Along with clever appliances, some homes in the GridWise project received computer systems to monitor the real-time price of power and limit consumption when the price spiked. Pratt describes the system as a mini energy marketplace in the home that works as a second buffer when the grid is overloaded. When demand for energy is high, he notes, so is the price. Homeowners can program their thermostats, for instance, to automatically take a break if the price of energy skyrockets. The real-time price of electricity is updated and processed in homes every five minutes.

In the case of an impending blackout, a dryer and refrigerator respond first, quickly shutting off and temporarily decreasing power consumption. Then the second-tier price-driven system kicks in. That allows time for power suppliers to react to the overload by turning on backup generators or redistributing power throughout the grid—the final step in the process.

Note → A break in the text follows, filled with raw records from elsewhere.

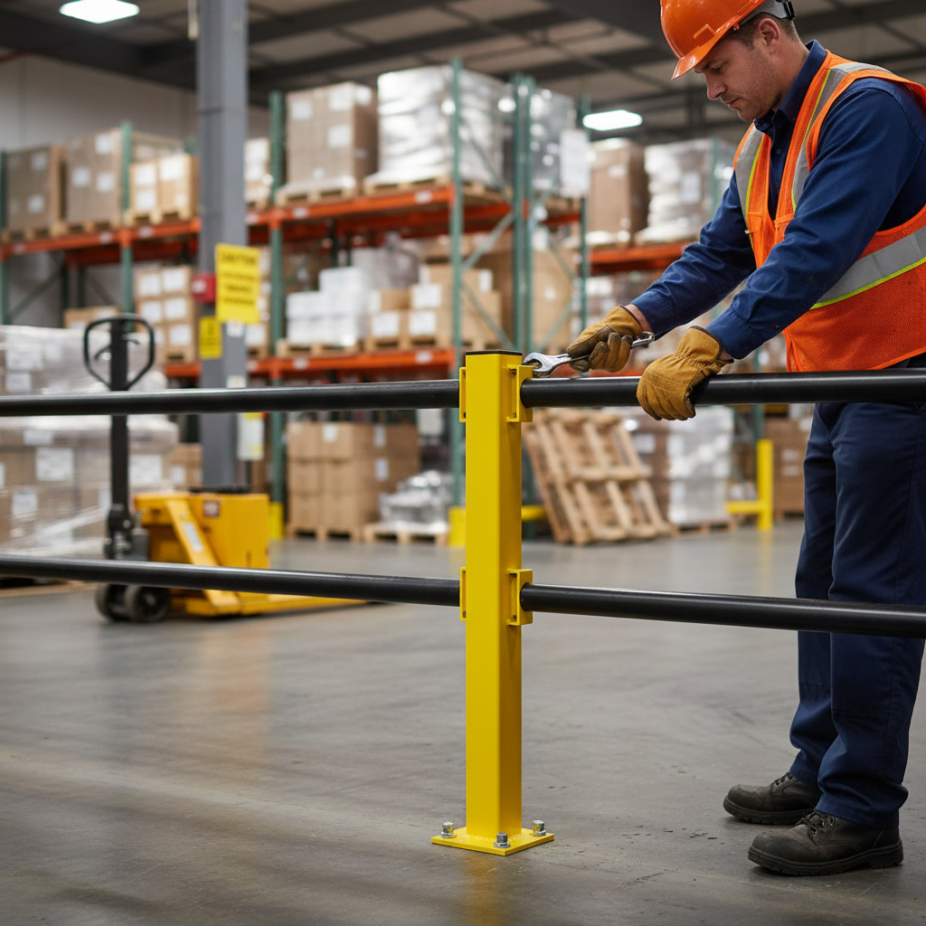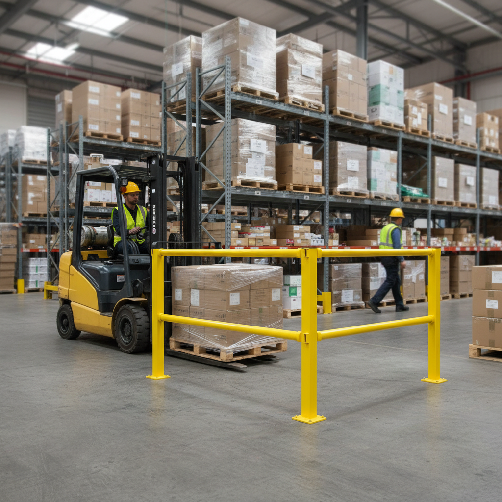 Introducing the Premium Medium Duty Railing System, designed to provide exceptional visibility and safety in both indoor and outdoor environments. This railing system effectively separates machinery from pedestrian walkways, ensuring safety in various settings.
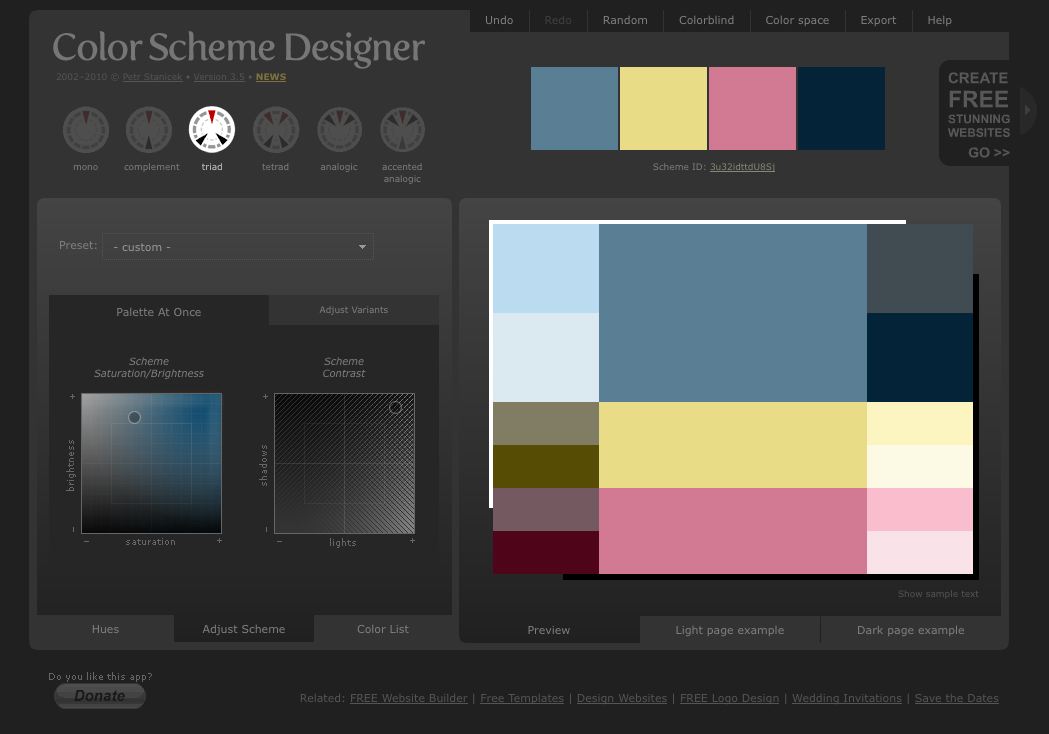 El brillo, la saturación y el contraste pueden modificarse y podemos ver cómo quedaría la paleta aplicada en una página de tonos oscuros o claros. Yo la utilizo bastante, ya me diréis qué os parece y si conocéis alguna que sea similar.
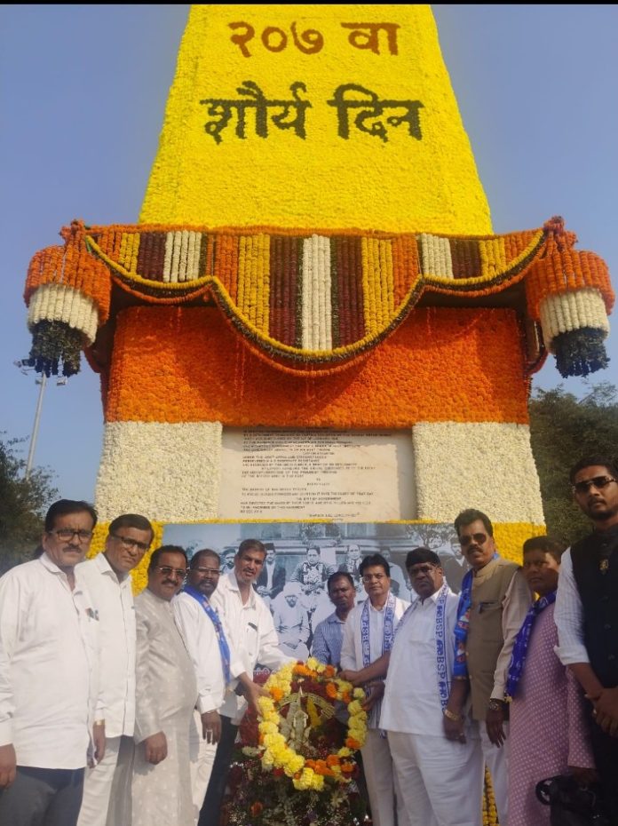भीमा-कोरेगाव शौर्य दिनानिमित्त शहीद वीरांना मानवंदना देत बसपाच्या पदाधिकाऱ्यांनी त्यांच्या ध्येयाने प्रेरित होऊन बहुजन समाजाच्या एकसंधतेचा निर्धार व्यक्त केला. यावेळी प्रदेश अध्यक्ष सुनील डोंगरे, किरण जी, महेश जगताप, अशोक गायकवाड, सिद्धार्थ कांबळे, सुशील गवळी, अनिल त्रिपाठी, संदीप कांबळे, प्रवीण वाकोडे, नागसेन माला, बाळासाहेब आव्हारे, संतोष सोनावणे यांचा सह प्रमुख पदाधिकारी आणि कार्यकर्ते उपस्थित होते.
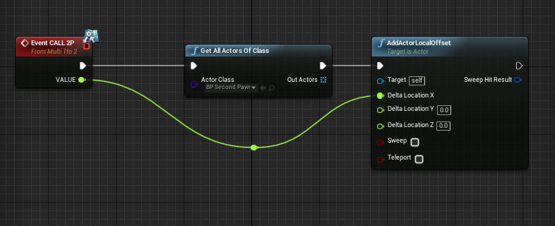 In addition you need a Blueprint Interface node (this allows you to set up the function CALL 2P so that the data can be used in pawn 2.
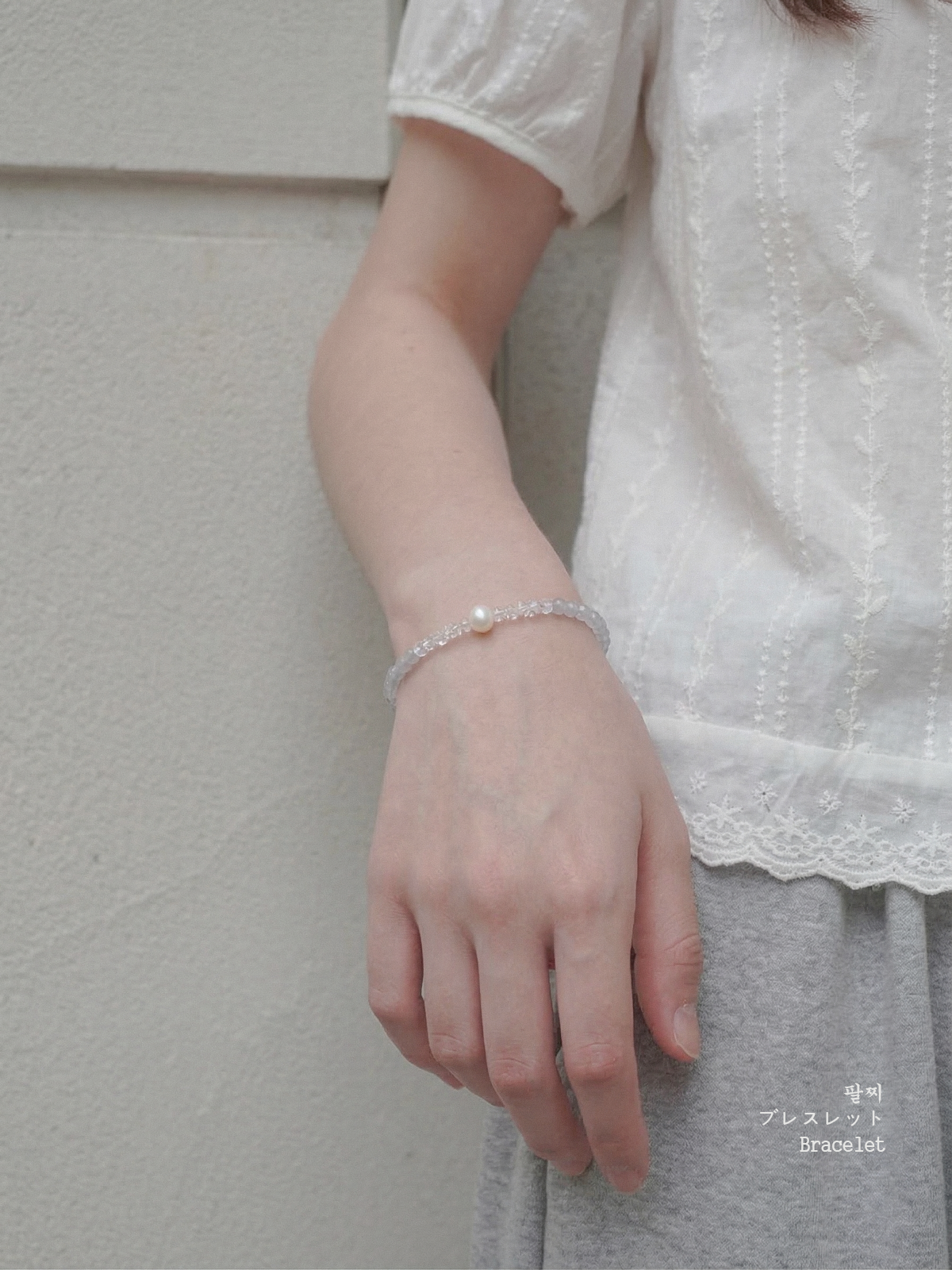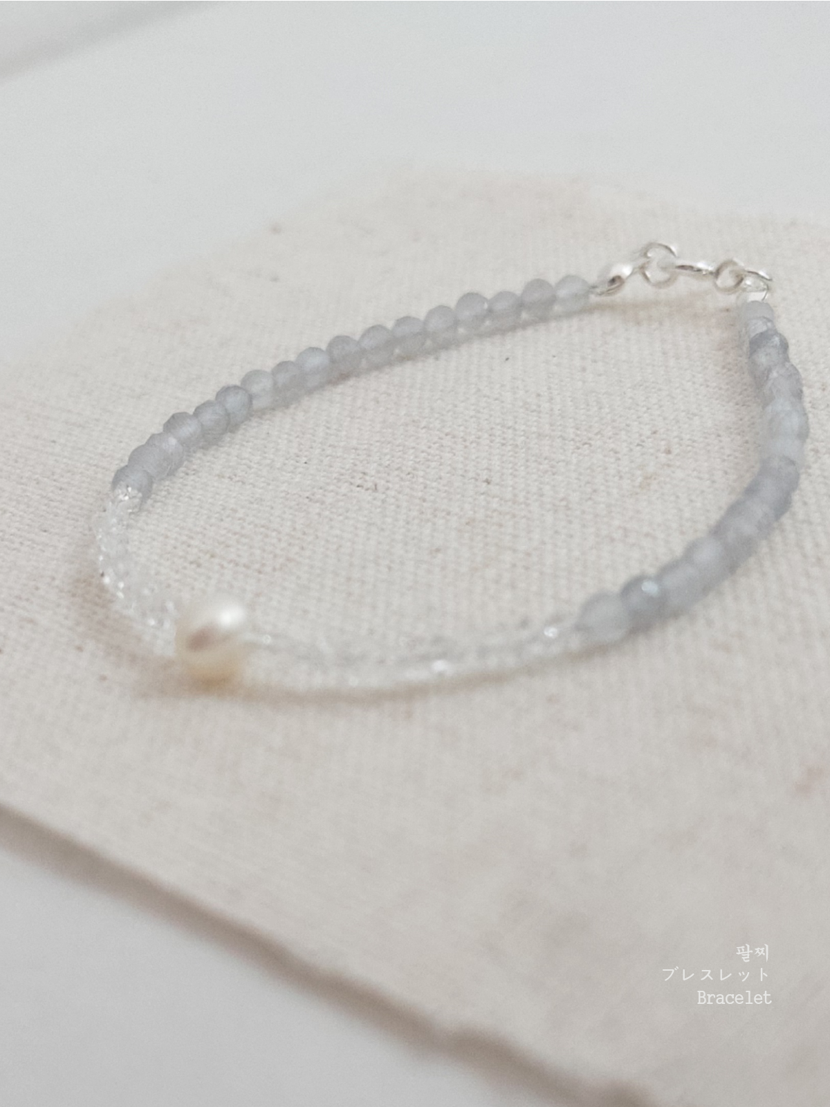 Inspired by the soft glow of moonlight, the Grey Moonstone Herkimer Pearl Bracelet features luminous grey chatoyancy beads paired with naturally faceted Herkimer diamond quartz beads. At the center, a single freshwater pearl adds a gentle, organic contrast to the crystal clarity of the stones. The Grey Moonstone Herkimer Pearl Bracelet is for those who carry their calm with them — a wearable reminder that the most meaningful things are always understated.
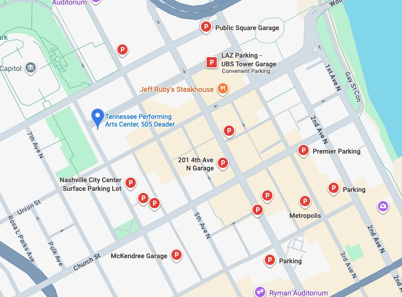 Note that traffic nearing Tennessee Performing Arts Center is often busier than normal around the time of popular events.Plan accordingly!

Fewer blackouts and money savings aside, equipping homes with smart energy systems could allow electric companies to switch to using more energy from renewable sources like wind and solar. Today, wind and solar power are considered too unreliable to be used on a mass scale, unable to supply energy when the sunsets or the wind stops. In a price-responsive system, however, rainy days could mean slightly higher energy prices, which could cause homeowners to scale back on energy consumption, says Ron Ambrosio of IBM *Research, a branch of the company researching new energy strategies

There are no technical hurdles; Ambrosio says policy and market acceptance are the biggest roadblocks to adoption of smart appliances. His estimation for widespread use of this type of energy system: 10 to 15 years, if manufacturers,consumers, and governments get behind the idea.

*Correction February 20, 2008: this originally stated IBM Energy.